Not OP, but here goes. Backlist is all of the previous work you've published. So you can depend on a fairly regular income, even if its small, from a large collection of previously published work. Also, if you publish a book and someone reads it and likes it, they can turn to your backlist (other published works) and buy more.

Basically its saying once you have a lot of books published you'll consistently make more over time.

ifellalot3 karma

Personally, I can't. I'm a currently unpublished author who is almost ready to try and go for traditional publishing. I'll fall back on self publishing if I can't make it work in the traditional world, so I've done some research, but not enough to answer that.

The thing is that some people make it really big from self publishing, like Andy Weir, who wrote the Martian.

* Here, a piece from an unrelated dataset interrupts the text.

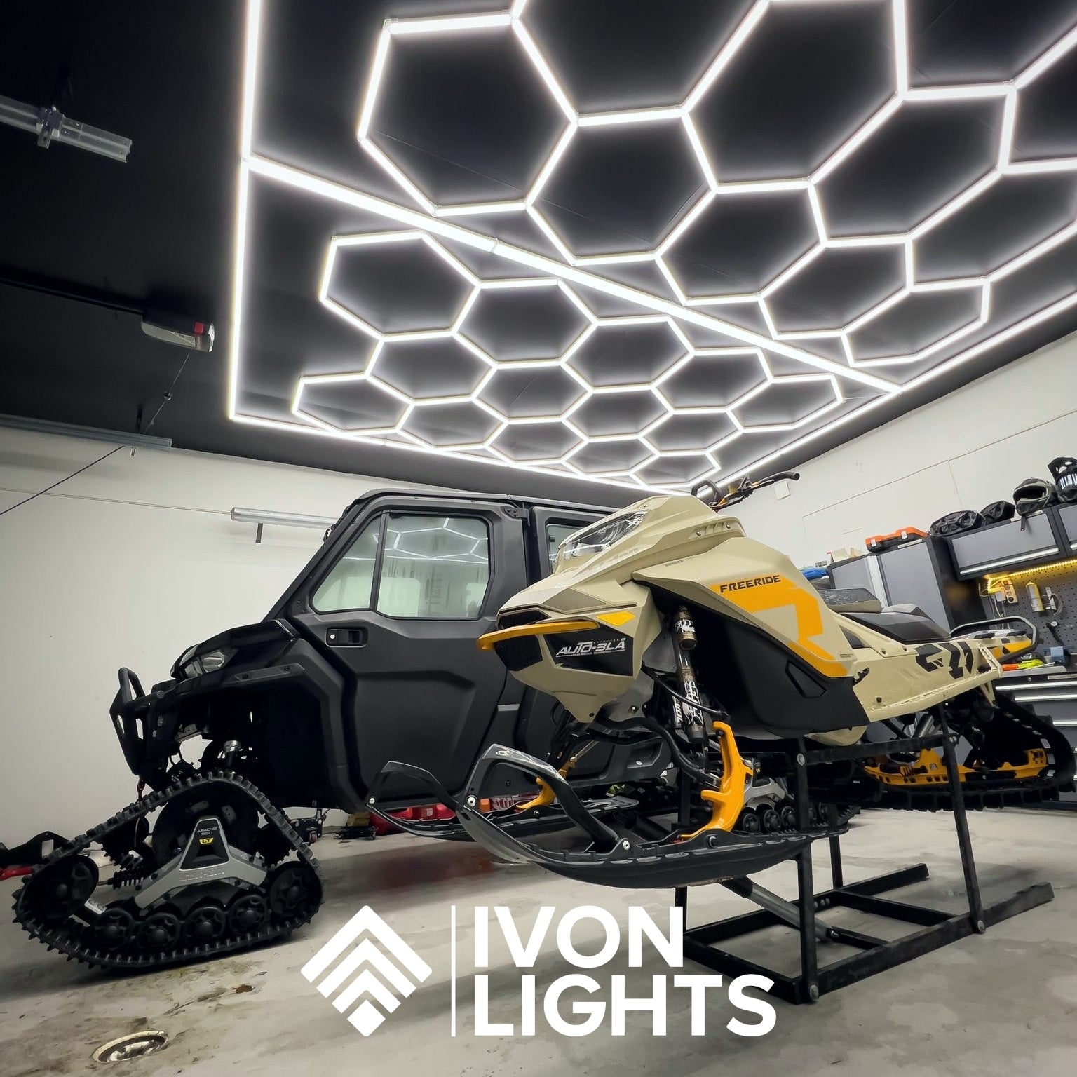 IVON LIGHTS Hexagon lighting (LED fixture) takes your garage to a whole new level, both in design and function. Our highly efficient LED luminaire with honeycomb pattern provides a smoother and better light flow compared to traditional fluorescent tubes. Normal lighting has a color temperature of 3000 Kelvin, while our lighting has a color temperature of 5000 Kelvin. This gives you a warm white glow, which both keeps your body more alert and makes the white surfaces in the garage really appear white. The size is fully adjustable and the loop can easily be both shortened and lengthened without problems (see separate spare parts). If you want to add both appearance and function to your garage, combined with a real WOW feeling, this is the product for you.

He self published and sold enough to be noticed by a big traditional publisher and got a wicked movie deal out of it. (That was his first full length novel, btw) Some take a book or two to get big and some never get big big, but have enough of a following and a backlist that they make a fair amount of money from their work.

You could try asking r/writing, there are some self published authors there, but there is a fair amount of stigma attached to self publishing as some see it as a way to get your book published if it wasn't good enough for traditional publishing (not entirely true). There are tons of online forums for kindle and Amazon specific authors as well.

Hope that helps, even if I didn't really answer your question.

ifellalot1 karma

Trad publishing also provides a lot of services to authors, such as quality editing, cover artists, etc. Many self published authors don't put the money and effort into these steps so the quality can be lower than what Trad is coming out with. There is no quality control for self publishing.

However it is totally true that amazing authors with cool ideas and quality writing can get turned down by big publishers for one reason or another. Perhaps they don't think the work will sell well enough as it has a very niche market, or perhaps they just published a couple similar works and feel that the market is saturated with that particular type of book.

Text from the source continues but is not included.